I have not seen one that is designed to mesh with anything close to a cycloidal profile. I suspect that isn't warranted in the application. In that application it would (I suspect, also no expert) only matter that the gear ratio and mesh is consistent; it would not matter if there is a few arc-seconds of play in it.


----------



## FOMOGO (Feb 20, 2020)

It could be designed to run in an oil bath. Should run for a long time with little to no maintenance, with very high accuracy I would think. Mike


----------



## strantor (Feb 23, 2020)

FYI I'm working on a python script that spits out cycloidal rack profiles parametrically for CAD/CAM. Details here.
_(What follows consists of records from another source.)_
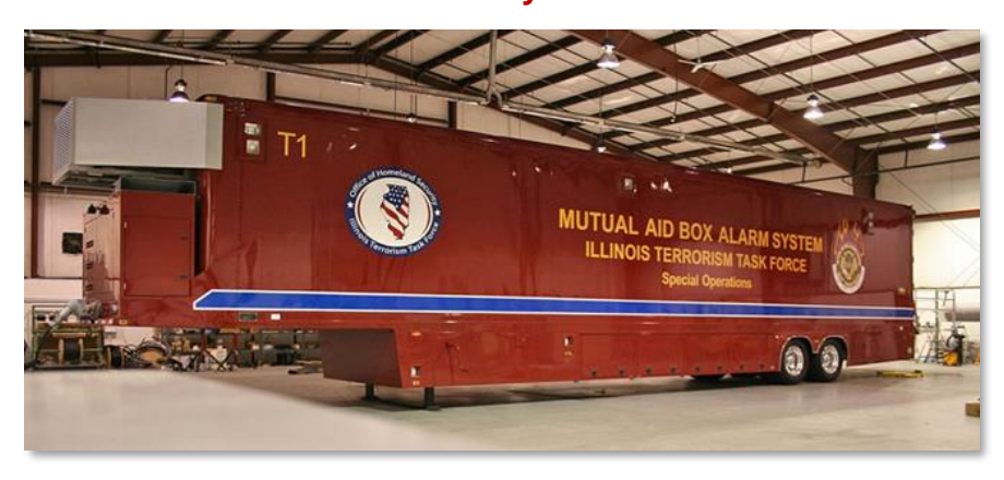
Tent City - 3

Semi-trailer with 10 Western Shelter 19' X 35' tents, HVAC, cots and accessories. Built in generator to power all ten tents. Accommodates 200 responders.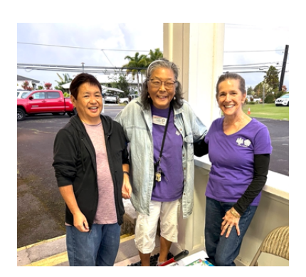
Pancake Breakfast Mahalo

The Daifukuji Fujinkai is very appreciative of the tremendous support received from sangha volunteers, donors, and friends who generously contributed to the success of the pancake breakfast fundraiser held on February 17, 2024. The fundraiser generated approximately $4,000 for the Fujinkai.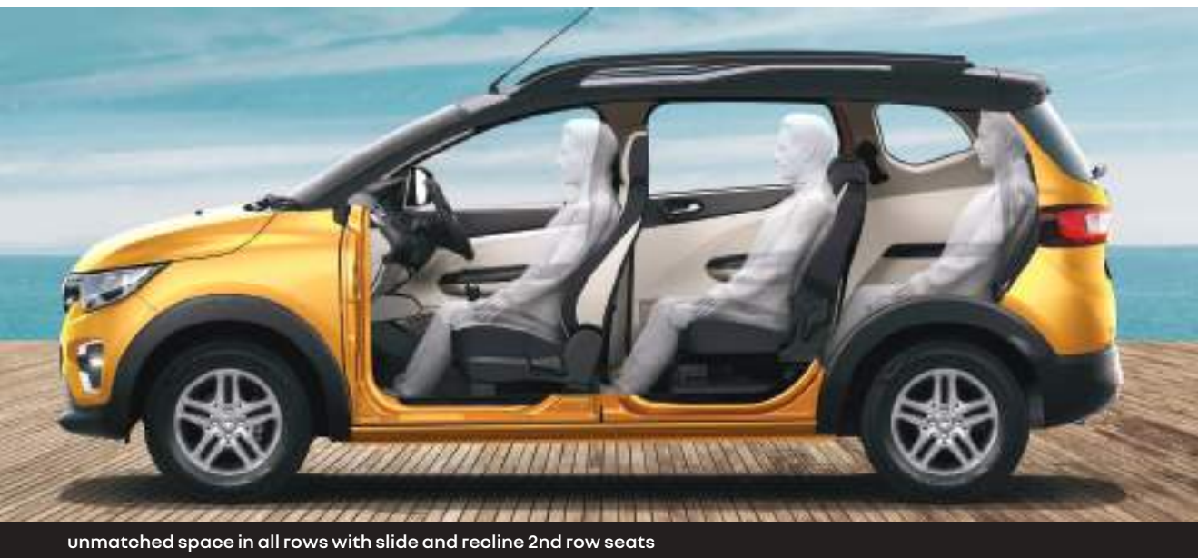
unmatched space in all rows with slide and recline 2nd row seats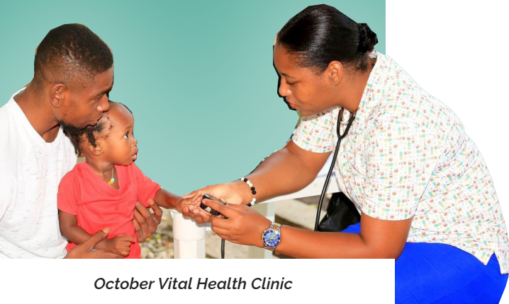
October Vital Health Clinic

NON PROFIT US Postage PAID Peoria, IL Permit #888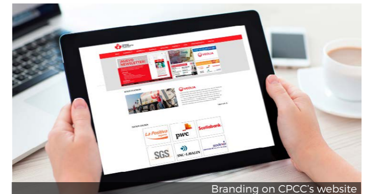
Branding on CPCC's website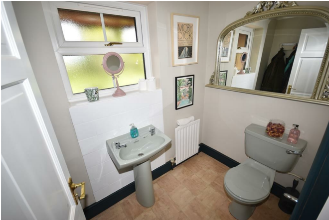
WC 4'6" x 7'6"

Window to front elevation with frosted glass, vinyl flooring, close-coupled toilet, single radiator, pedestal sink with separate hot and cold tap, coat hooks with enough room for storing shoes underneath.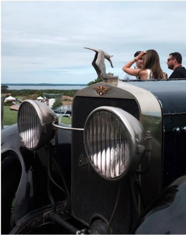
1921 Hispano-Suiza Hood Ornament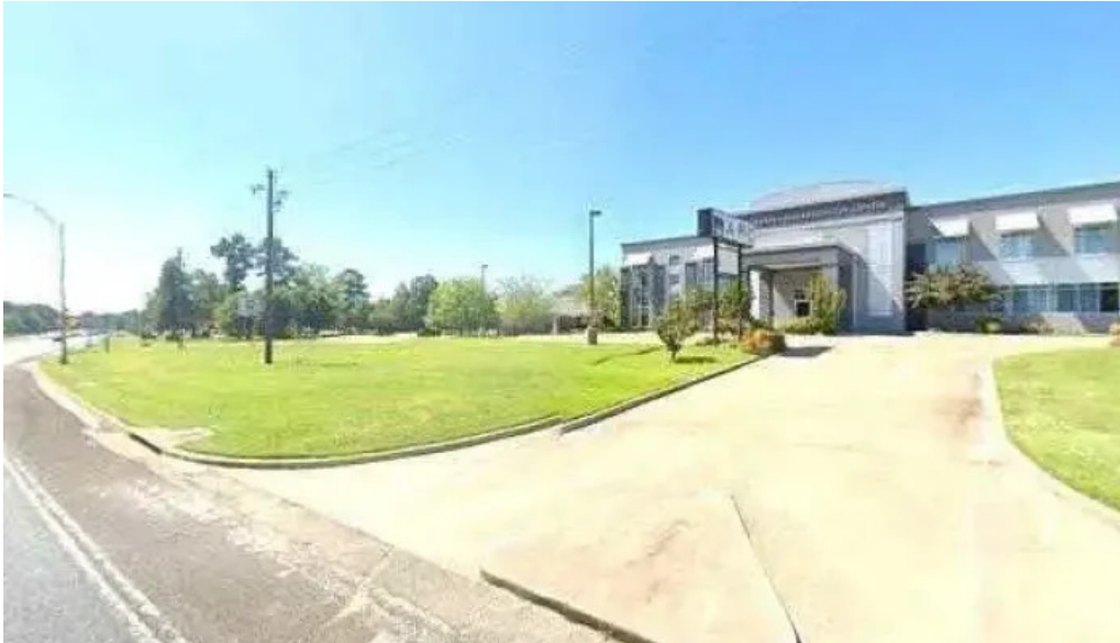
Angelina rehabilitation center street view 360deg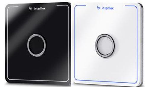
(IF-800 cover kits – to be ordered separately – accessories 75-800-015x)

I will post the code here when it's complete. Here's how it looks so far:


----------



## Winegrower (Feb 23, 2020)

Maybe add in a meshing tolerance variable and track the input/output transfer function...there could be funnies at singularity points like the bottom of the tooth.


----------



## strantor (Feb 23, 2020)

Winegrower said:


> Maybe add in a meshing tolerance variable and track the input/output transfer function...there could be funnies at singularity points like the bottom of the tooth.


What would that look like? 
Could the same be achieved by specifying the roller diameter as .376 instead of .375? 
That would effectively trim 1/2 thou off of every dimension of the tooth profile. Or is there something specific that needs to happen at the crown and the root of the profile only?


----------



## stupoty (Feb 23, 2020)

Ave had A video on a zero backlash cycloydial gearbox thingy






Sort of seemed relevant


----------